_Available data_:
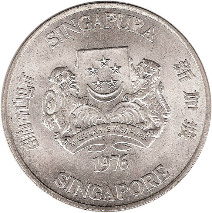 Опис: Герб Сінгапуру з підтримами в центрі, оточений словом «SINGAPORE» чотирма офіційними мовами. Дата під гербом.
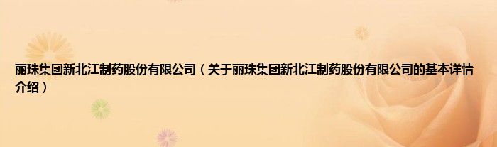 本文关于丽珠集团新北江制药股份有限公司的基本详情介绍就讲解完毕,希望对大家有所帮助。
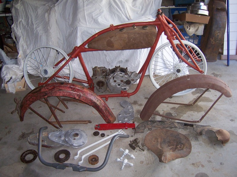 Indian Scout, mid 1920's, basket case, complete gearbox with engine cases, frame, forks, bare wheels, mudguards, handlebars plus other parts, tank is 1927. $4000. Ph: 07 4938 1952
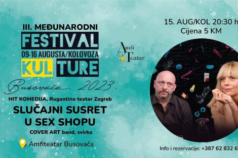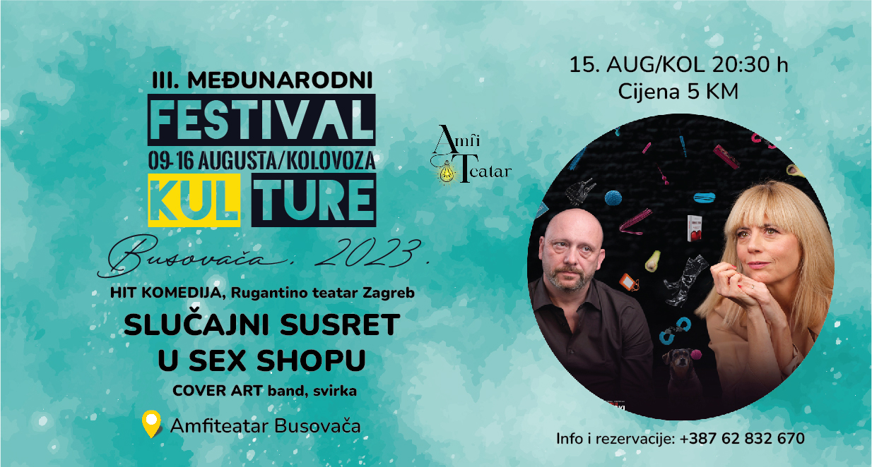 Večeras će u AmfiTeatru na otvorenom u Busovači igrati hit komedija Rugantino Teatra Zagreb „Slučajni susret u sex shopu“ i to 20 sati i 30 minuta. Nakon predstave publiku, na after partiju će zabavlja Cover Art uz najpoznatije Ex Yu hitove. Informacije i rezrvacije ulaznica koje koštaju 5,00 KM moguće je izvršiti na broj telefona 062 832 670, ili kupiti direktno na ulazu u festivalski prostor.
...
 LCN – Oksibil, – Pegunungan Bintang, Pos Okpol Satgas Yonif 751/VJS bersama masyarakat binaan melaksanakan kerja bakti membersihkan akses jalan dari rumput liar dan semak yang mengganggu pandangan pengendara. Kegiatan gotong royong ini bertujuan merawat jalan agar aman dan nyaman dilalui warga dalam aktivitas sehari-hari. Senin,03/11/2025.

_Description of the task_: In the listing above, find the line with "Опис: Герб Сінгапуру" and the line with "本文关于丽珠集团新北江制药股". Output both, plus every line between them, and no pictures.

_Result of this task_:
 Опис: Герб Сінгапуру з підтримами в центрі, оточений словом «SINGAPORE» чотирма офіційними мовами. Дата під гербом.
 本文关于丽珠集团新北江制药股份有限公司的基本详情介绍就讲解完毕,希望对大家有所帮助。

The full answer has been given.